Paul Kirth via Phabricator via cfe-commits Fri, 18 Nov 2022 16:32:45 -0800

paulkirth accepted this revision.
paulkirth added a comment.
This revision is now accepted and ready to land.


This is mostly LGTM, modulo the small change to the test that I've suggested. 
Assuming the presubmit tests still pass with that small edit, you're good on my 
end.



================
Comment at: clang-tools-extra/clang-doc/HTMLGenerator.cpp:890-892
+    // TODO If there are multiple Infos for this file name (for example,
+    // template specializations), this will generate multiple complete web 
pages
+    // (with <DOCTYPE> and <title>, etc.) concatenated together. This generator
----------------
brettw wrote:
> paulkirth wrote:
> > brettw wrote:
> > > paulkirth wrote:
> > > > So does this patch make HTML unusable? Currently, if there is a 
> > > > conflict, the file gets replaced, right? 
> > > > 
> > > > I read this as we're going from a situation where we lost data, but 
> > > > still had valid HTML pages to one where we have complete, but incorrect 
> > > > HTML, is that correct?
> > > > 
> > > > Also, why does that happen under template specialization? USRs are SHA1 
> > > > hashes of the symbol. I would expect that hashing the symbol would be 
> > > > unambiguous and unique, given C++'s ODR. 
> > > > 
> > > > That last point made me wonder if an alternate way to handle this 
> > > > without using the hash would be to use the mangled names?
> > > I think this makes HTML strictly better (though not ideal).
> > > 
> > > Previously if there was a collision, they got written over the top of 
> > > each other without truncation (not sure why). So if the longer page was 
> > > written second, you got lucky and you get a complete valid page and just 
> > > lost the shorter struct's definition. If you got unlucky the shorter page 
> > > was written second and you get a corrupted file with the shorter content, 
> > > followed by the end of the longer content peeking out from the end.
> > > 
> > > With this change, you get both content concatenated without corruption, 
> > > you just have duplicate doctype and title tags in between them. Browsers 
> > > should generally handle this so the page should be usable.
> > > 
> > > Fixing this requires a refactor of the HTML generator such that the 
> > > concept of writing a struct is separate from writing a page.
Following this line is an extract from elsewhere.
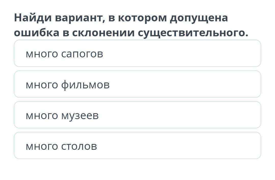 1 много сапогов слово сапогов написано не правельно

Even if I 
> > > was going to work on the HTML generator, I would probably want to do this 
> > > in a separate patch anyway.
> > > 
> > > The markdown generator does the same, but markdown doesn't have all of 
> > > the headers stuff that shouldn't be in the middle of the file, you just 
> > > get a new `# ...` for the second section and it should be reasonable.
> > > 
> > > The HTML and MD generators name files according to the `Name` of the 
> > > structure. USR is not involved. So any time to things in the same 
> > > namespace have the same name, you'll get a collision. This happens most 
> > > commonly with template specialization because the names are identical 
> > > (the name doesn't account for the template parameters).
> > > 
> > > All of this complexity is why I changed the YAML output to use USR which 
> > > avoids the problem. I didn't want to make this change for the HTML and MD 
> > > generators because it will make ugly file names that the user will see, 
> > > and you probably want the template specializations to be in the same file 
> > > anyway.
> > > I think this makes HTML strictly better (though not ideal).
> > > 
> > > Previously if there was a collision, they got written over the top of 
> > > each other without truncation (not sure why). So if the longer page was 
> > > written second, you got lucky and you get a complete valid page and just 
> > > lost the shorter struct's definition. If you got unlucky the shorter page 
> > > was written second and you get a corrupted file with the shorter content, 
> > > followed by the end of the longer content peeking out from the end.
> > > 
> > > With this change, you get both content concatenated without corruption, 
> > > you just have duplicate doctype and title tags in between them. Browsers 
> > > should generally handle this so the page should be usable.
> > > 
> > 
> > Thanks for the explanation. My concern was that this change made HTML 
> > unusable, if it is still valid (if not ideal) then I don't think there is 
> > an issue.
> > 
> > > Fixing this requires a refactor of the HTML generator such that the 
> > > concept of writing a struct is separate from writing a page. Even if I 
> > > was going to work on the HTML generator, I would probably want to do this 
> > > in a separate patch anyway.
> > > 
> > 
> > No arguments re splitting up work. Can you file an issue to track this on 
> > github and reference it in the TODO? That should help make sure this gets 
> > addressed.
> > 
> > > The markdown generator does the same, but markdown doesn't have all of 
> > > the headers stuff that shouldn't be in the middle of the file, you just 
> > > get a new `# ...` for the second section and it should be reasonable.
> > > 
> > > The HTML and MD generators name files according to the `Name` of the 
> > > structure. USR is not involved. So any time to things in the same 
> > > namespace have the same name, you'll get a collision. This happens most 
> > > commonly with template specialization because the names are identical 
> > > (the name doesn't account for the template parameters).
> > > 
> > 
> > I think there should be a way to obtain the mangled name from whatever 
> > you're looking at. Those should be available, even from the AST, so if 
> > you've found a template specialization, it //should// be possible to get 
> > the mangled name (even for partial specializations).  This shouldn't 
> > necessarily block you, but it seems like that would solve the issue nicely 
> > for all three generators.
> TODO added.
> 
> I don't think the mangled names helps both because I think you want the file 
> names to be readable (the mangled names are barely better than the USR) and 
> because I think you also want the specializations to all end up in the same 
> file for end-user documentation. I discussed this in the bug.
> TODO added.
> 
> I don't think the mangled names helps both because I think you want the file 
> names to be readable (the mangled names are barely better than the USR) and 
> because I think you also want the specializations to all end up in the same 
> file for end-user documentation. I discussed this in the bug.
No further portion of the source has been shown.